**What is expected**
Reproduce every entry word for word. Drop all pictures from the copy.

*** Opening Exercise input ***

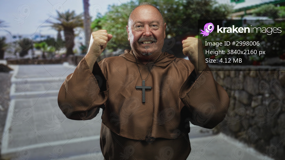 Elderly man monk in brown robe raises clenched fists and displays a large wooden cross necklace along a stone walled street lined with palm trees; triumph faith. - Kraken Images
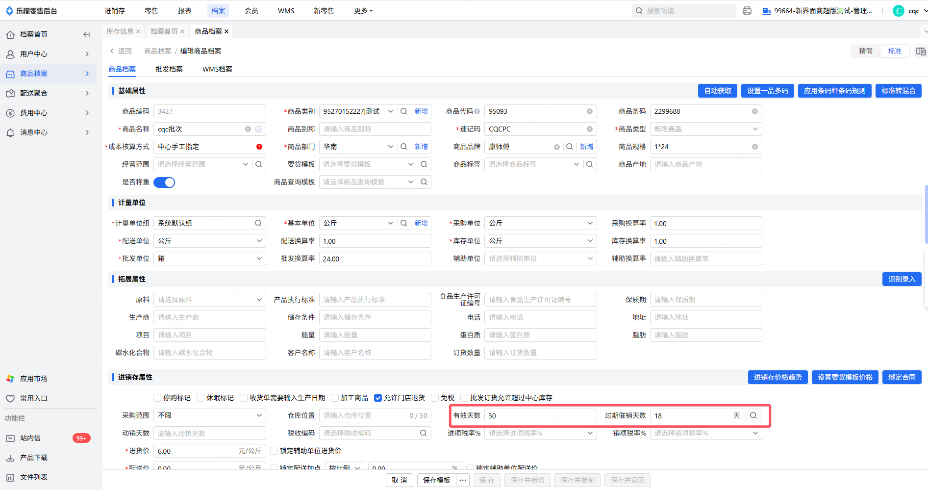 ①商品档案设置 有效天数(必填)、过期催销天数(根据需要选填)
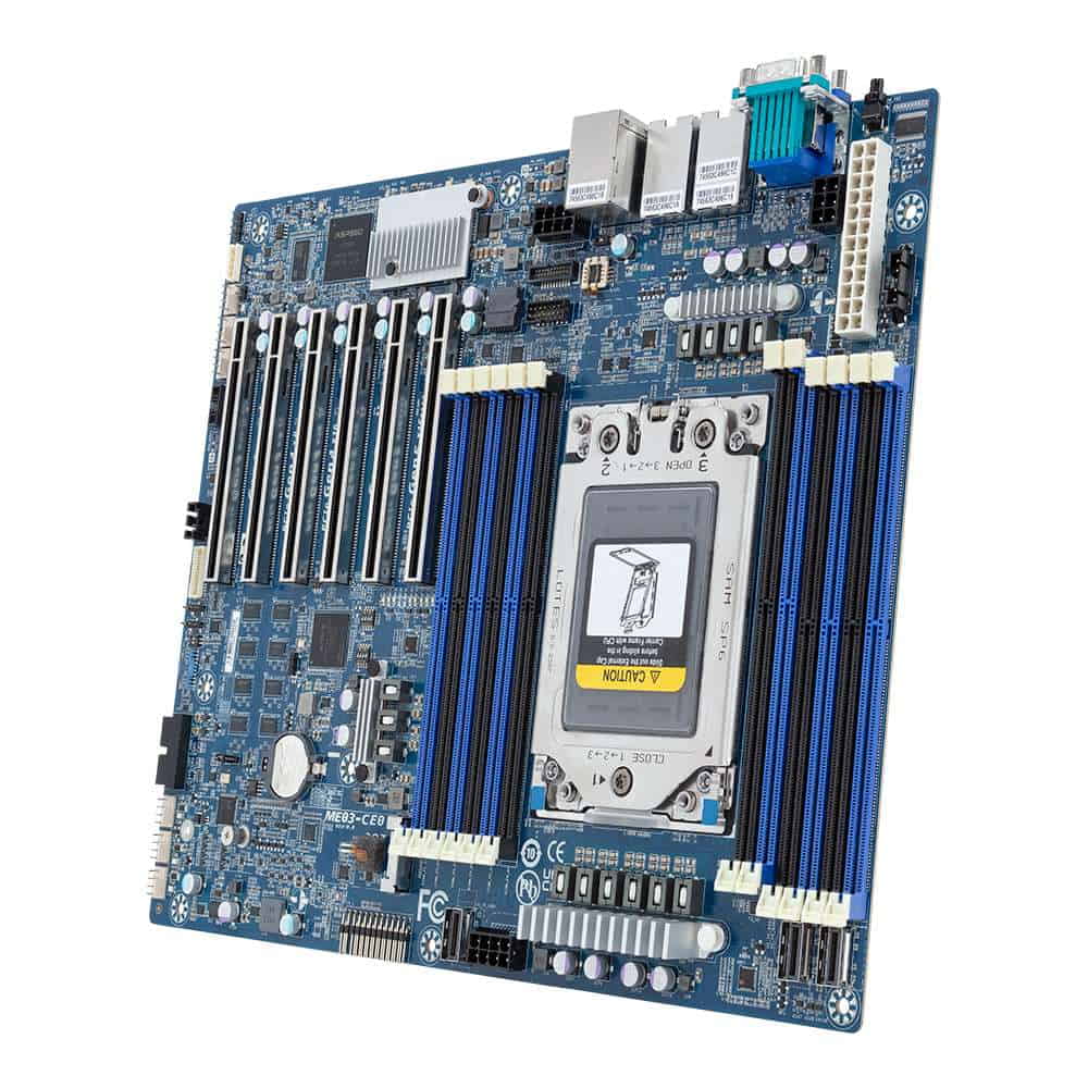La placa base Gigabyte ME03-CE0, diseñada para servidores, incorpora la última tecnología para satisfacer las demandas de los entornos de computación más exigentes. Equipada con procesadores AMD EPYC™ 8004 Series y utilizando tecnología de 5nm, esta placa base de factor de forma ATX es capaz de manejar hasta 64 núcleos y 128 hilos, lo que la convierte en una opción poderosa para aplicaciones que requieren un alto rendimiento de procesamiento.
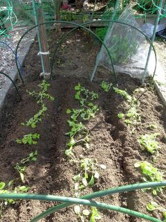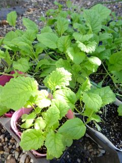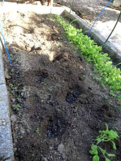 なばなの苗を畑に植えなおし。
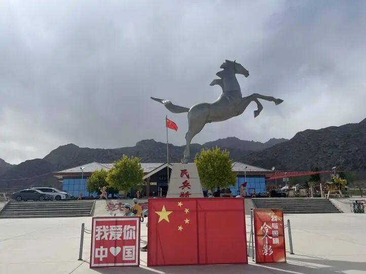 (拜城县老虎台乡的骏马雕像。)
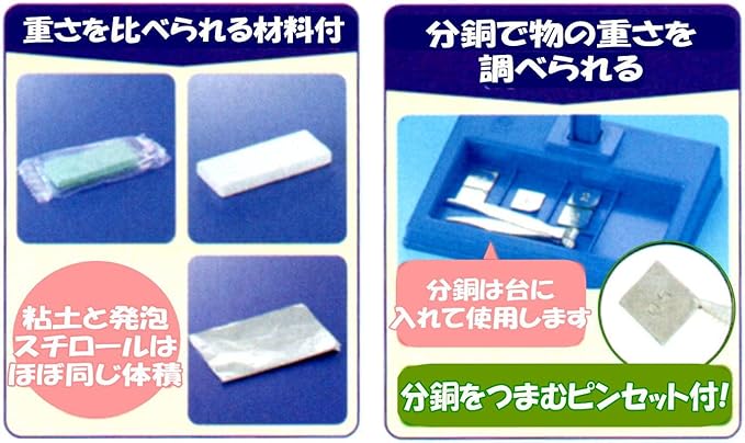 重さを比べられる材料付き(付属品の粘土と発泡スチロールはほぼ同じ体積)
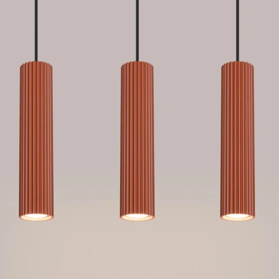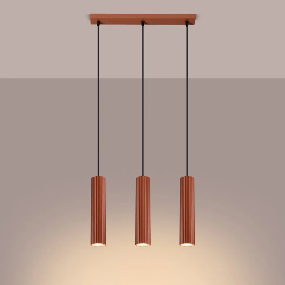 Zaprezentuj swoje wnętrza w nowym świetle dzięki lampie wiszącej KARBON 3L w odcieniu ochry czerwonej. Ten niezwykle nowoczesny element dekoracyjny od SOLLUX LIGHTING MUZOLF , zaskakuje swoją unikalną ryflowaną strukturą. Wykonana z aluminium lampa, doskonale sprawdzi się w różnych pomieszczeniach – od salonu, przez sypialnię, aż po gabinet.
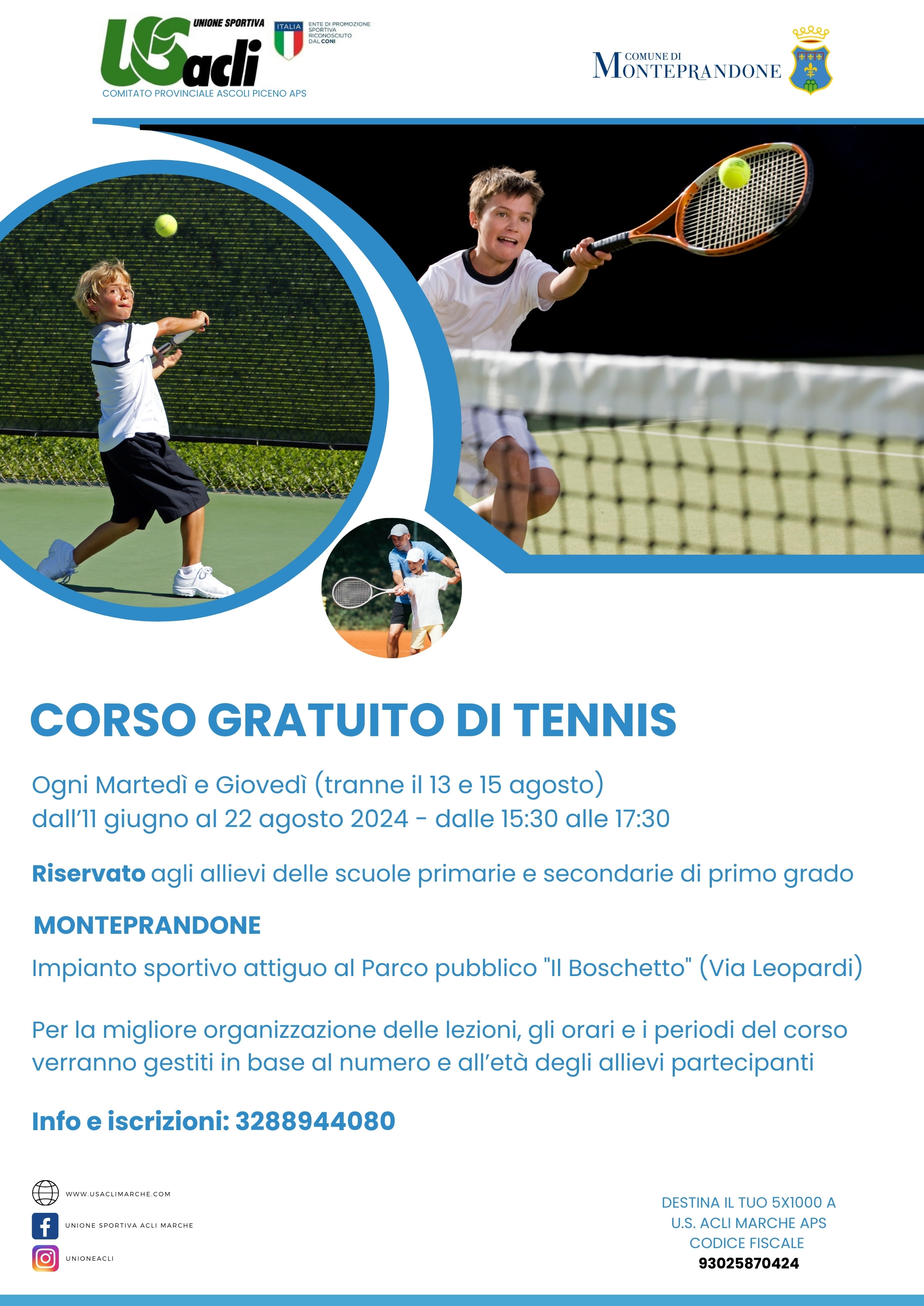 Per il secondo anno consecutivo U.S. Acli provinciale APS e Comune di Monteprandone propongono un corso gratuito estivo di tennis per bambini e ragazzi.

*** Closing Exercise input ***

**Task answer**
 Elderly man monk in brown robe raises clenched fists and displays a large wooden cross necklace along a stone walled street lined with palm trees; triumph faith. - Kraken Images
 ①商品档案设置 有效天数(必填)、过期催销天数(根据需要选填)
La placa base Gigabyte ME03-CE0, diseñada para servidores, incorpora la última tecnología para satisfacer las demandas de los entornos de computación más exigentes. Equipada con procesadores AMD EPYC™ 8004 Series y utilizando tecnología de 5nm, esta placa base de factor de forma ATX es capaz de manejar hasta 64 núcleos y 128 hilos, lo que la convierte en una opción poderosa para aplicaciones que requieren un alto rendimiento de procesamiento.
 なばなの苗を畑に植えなおし。
 (拜城县老虎台乡的骏马雕像。)
 重さを比べられる材料付き(付属品の粘土と発泡スチロールはほぼ同じ体積)
 Zaprezentuj swoje wnętrza w nowym świetle dzięki lampie wiszącej KARBON 3L w odcieniu ochry czerwonej. Ten niezwykle nowoczesny element dekoracyjny od SOLLUX LIGHTING MUZOLF , zaskakuje swoją unikalną ryflowaną strukturą. Wykonana z aluminium lampa, doskonale sprawdzi się w różnych pomieszczeniach – od salonu, przez sypialnię, aż po gabinet.
 Per il secondo anno consecutivo U.S. Acli provinciale APS e Comune di Monteprandone propongono un corso gratuito estivo di tennis per bambini e ragazzi.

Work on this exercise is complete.